(Source records)

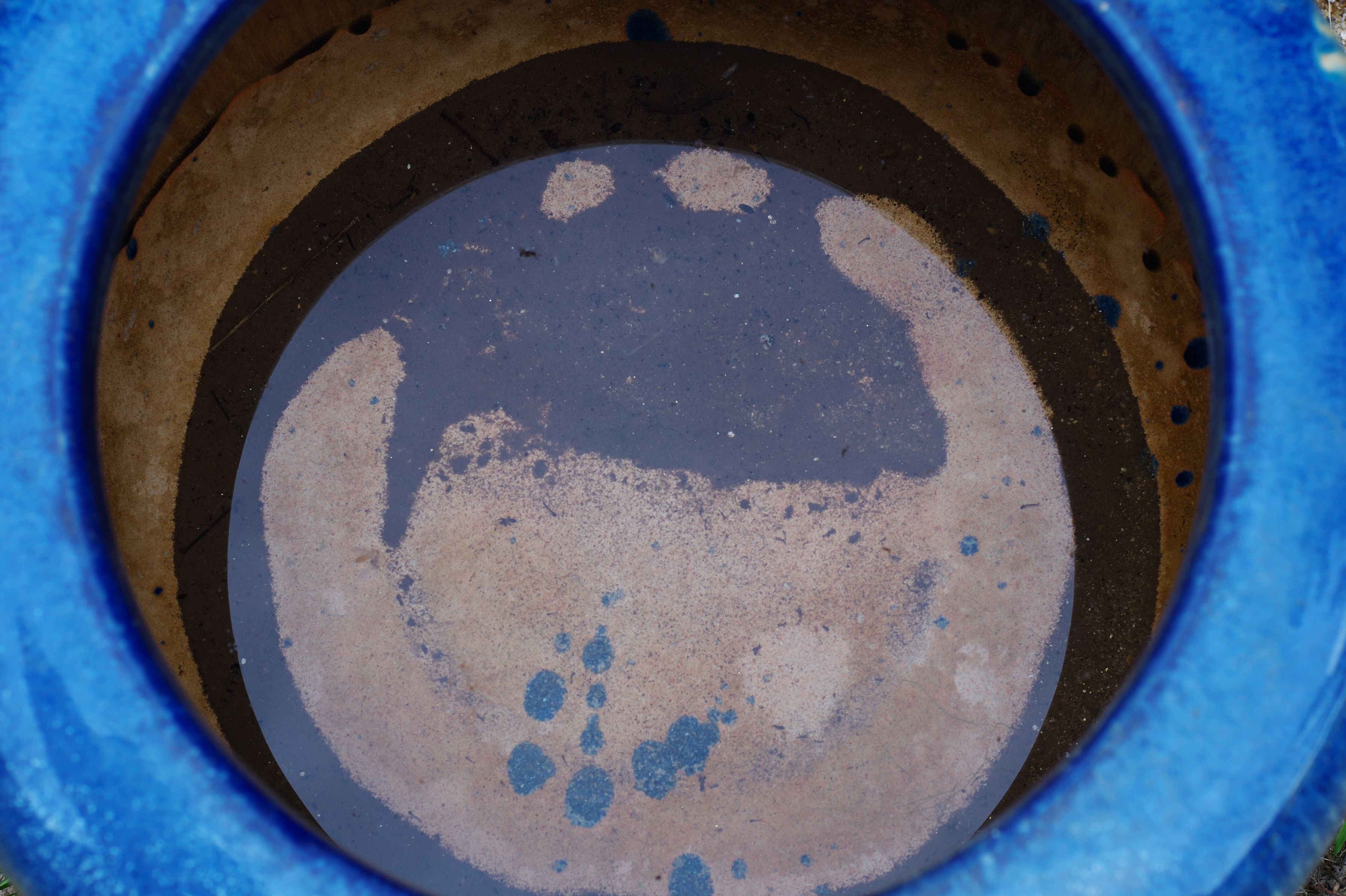 火鉢の中の水と泥の模様。
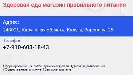 Здоровая еда, магазин правильного питания по адресу 248001, Калужская область, Калуга, Воронина, 25 в дальнейшем Организация, размещена в следующих категориях:
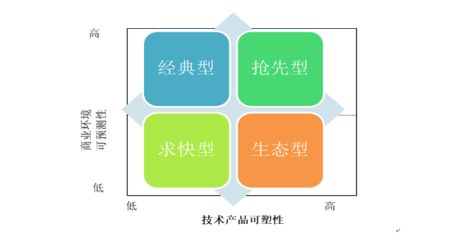 (4)生态型战略:或平台型战略,即面临潜力巨大且有机会重新定义行业标准的新兴市场,但商业环境不确定或投资风险极大,类似于中国目前风起云涌的智慧城市建设市场,国家发改委、住建部迄今也没有出台相应的行业标准,地方城市政府争相建设、自主定义、自立标准。在这种情形下,企业可以搭建一个公共平台,建立产业生态圈,协调引导生态圈企业的技术产品开发。
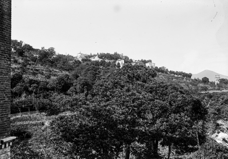 Veduta di alcune abitazioni immerse nella vegetazione collinare; il punto di ripresa proviene probabilmente dalla terrazza di una delle ville adiacenti.
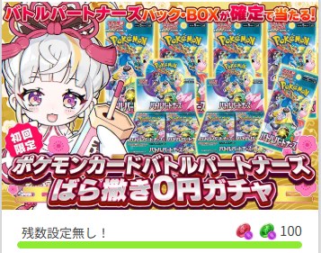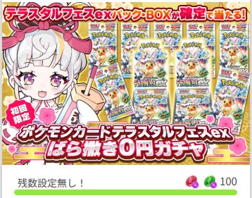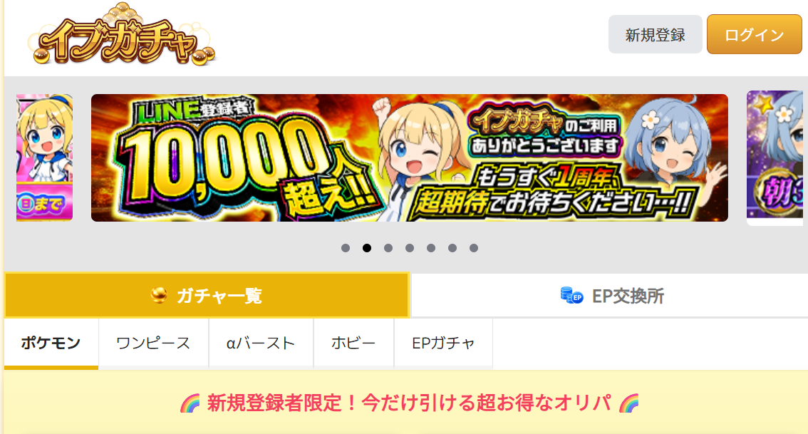 | イブガチャ | 新規登録後に時間限定で引けるオリパ | コード入力で100pt、累計10,000円購入で500pt | 完全無料で100連引けるオリパ | 18pt~引けるオリパ複数 | 100回程度 |
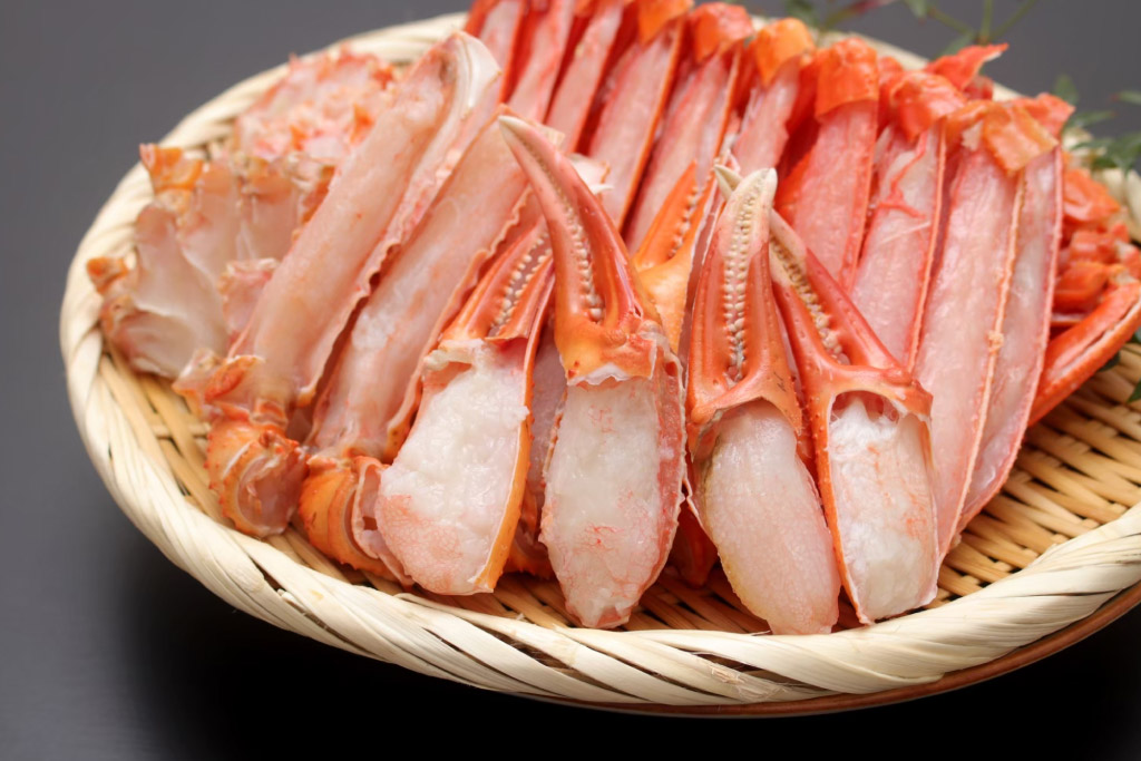 紅ずわいがにの一番の魅力は、その甘みと柔らかい身です。まるで絹のように滑らかな食感が口の中で溶け、噛むたびに甘みが溢れ出します。そのジューシーさは他の蟹と比べても格別で、食べるたびに甘く深い海の恵みが舌の上で広がります。

Action item –
Exclude images and repeat all entries exactly.

Exercise solution –
 火鉢の中の水と泥の模様。
 Здоровая еда, магазин правильного питания по адресу 248001, Калужская область, Калуга, Воронина, 25 в дальнейшем Организация, размещена в следующих категориях:
 (4)生态型战略:或平台型战略,即面临潜力巨大且有机会重新定义行业标准的新兴市场,但商业环境不确定或投资风险极大,类似于中国目前风起云涌的智慧城市建设市场,国家发改委、住建部迄今也没有出台相应的行业标准,地方城市政府争相建设、自主定义、自立标准。在这种情形下,企业可以搭建一个公共平台,建立产业生态圈,协调引导生态圈企业的技术产品开发。
 Veduta di alcune abitazioni immerse nella vegetazione collinare; il punto di ripresa proviene probabilmente dalla terrazza di una delle ville adiacenti.
 | イブガチャ | 新規登録後に時間限定で引けるオリパ | コード入力で100pt、累計10,000円購入で500pt | 完全無料で100連引けるオリパ | 18pt~引けるオリパ複数 | 100回程度 |
 紅ずわいがにの一番の魅力は、その甘みと柔らかい身です。まるで絹のように滑らかな食感が口の中で溶け、噛むたびに甘みが溢れ出します。そのジューシーさは他の蟹と比べても格別で、食べるたびに甘く深い海の恵みが舌の上で広がります。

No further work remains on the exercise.